Branch also wants to take advantage of DSPH’s broad opportunities to learn about many aspects of public health. For instance, she’s excited about starting her term as a Dornsife FIRE Fellow, at the school’s Center for Firefighter Injury Research & Safety Trends (FIRST), where she will be analyzing data collected from EMS and fire houses around the city.

“I really want to strengthen the data analysis skills I’m learning in my classes and learn more about the fire service and occupational health,” she says. The FIRST Center conducts fire service injury research, epidemiology, and evaluation.

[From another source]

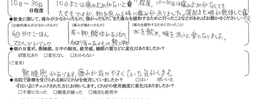 (痛みの程度について) 10日までは痛み止めがないと辛い程度。10~30日は痛み止めが無くても大丈夫ですが、物を食べる時に痛みがありました。寝起きも喉が乾燥して痛いです。

She is also a Dornsife Public Health Fellow, working as a graduate research assistant with Sharrelle Barber, ScD, MPH, assistant research professor, department of Epidemiology and Biostatistics. “Breauna will be assisting me in advancing analysis and manuscripts examining residential segregation, race, and cardiometabolic risk factors in the Brazilian Longitudinal Study of Adult Health (ELSA-Brazil) and compiling multimedia content for the Urban Inequalities and Health Online course which will be offered in winter 2020,” Barber says.

The one thing she does that’s not health focused is relax with one of her favorite pastimes — baking. “I really like to make lemon-glazed, blueberry muffins, cupcakes, and brownies,” Branch says. Her fellow students might be happy to know that she bakes by the dozen and “likes to share because [she] can’t eat 12 cupcakes.”

“If I am stressed, I will also go to the counseling center. I know mental health care has a stigma, but you don’t have to have a mental health condition to go to the counseling center, if you have a bad day, you can go. You have to make sure you are physically, as well as mentally healthy, because graduate school can stress you out.”

To her fellow students she says: “Don't ever be afraid to ask for help.”